Recent years have witnessed the intraductal carcinoma of the prostate(IDC-P) being a special subtype which has drawn the attention of Prof. Zeng Hao's team. The detection of IDCP in early prostate cancer, metastatic prostate cancer and mCRPC is closely related to treatment resistance and poor prognosis. There is no reports revealing that the detection of IDC-P in needle biopsy has clinical significance for high-risk localized prostate cancer.

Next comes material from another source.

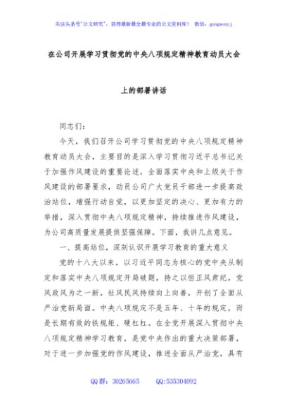 / 在公司开展学习贯彻党的中央八项规定精神教育动员大会上的部署讲话
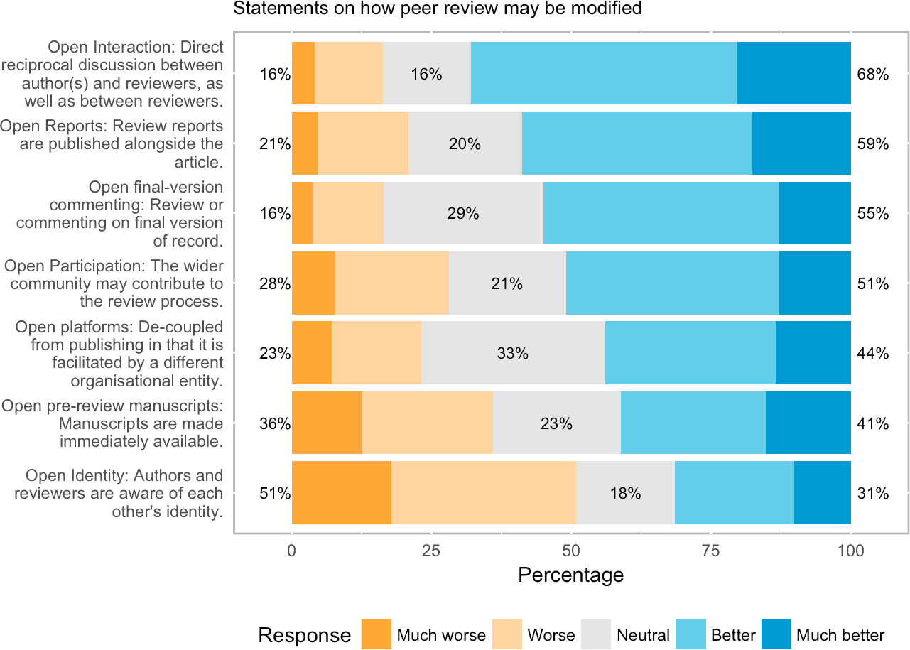 “Figure 8: “Will ”X” make peer review better, worse, or have no effect?”. https://doi.org/10.1371/journal.pone.0189311.g008” CC BY

After analyzing the puncture speicemens and radical specimens of 418 high-risk prostate cancer patients who received PR treatment in WCH from 2010 to 2017, we found that IDC-P puncture biopsy has clear linkage with several worse pathological features(Gleason Score 8-10, seminal vesicle invasion, pathological T stage) in radical specimens and is the independent prognostic indicator predicting worse survival outcome indicators. Based on that, we add IDC-P, an independent influential factor, to several current localized prostate cancer prognostic evaluation scales(D’Amico nomogram, GPSM score, CAPRA score, Partin table and Stephenson score) for predicting ability test. We found that IDC-P can greatly enhance predictive performance in all predictive scales. Built on all researching findings above, we can establish targeting and effective clinical treatment strategies in advance to enhance the overall efficacy of high-risk prostate cancer patients with IDC-P by taking advantage of IDC-P detection information in puncture specimens.


3.jpg


Abs117: the regular Gleason Score and innovative precise diagnosis of prostate cancer


With the development of the times, accurate assessment and treatment for tumor is crucial for patients's good prognosis. As a result, the interpreting of prostate cancer Gleason scoring system should follow the current trends and keep refining and improving. Prof. Wei Qiang's team, WCH engaged in an in-depth interpreting of prostate cancer pathological diagnosis score and conducted correlation study on three-levels of Gleason Score and the prognosis of patients with prostate cancer. In this way, clinicians can choose the most suitable treatment and more thorough prognosis judgment in terms of diagnose and treatment.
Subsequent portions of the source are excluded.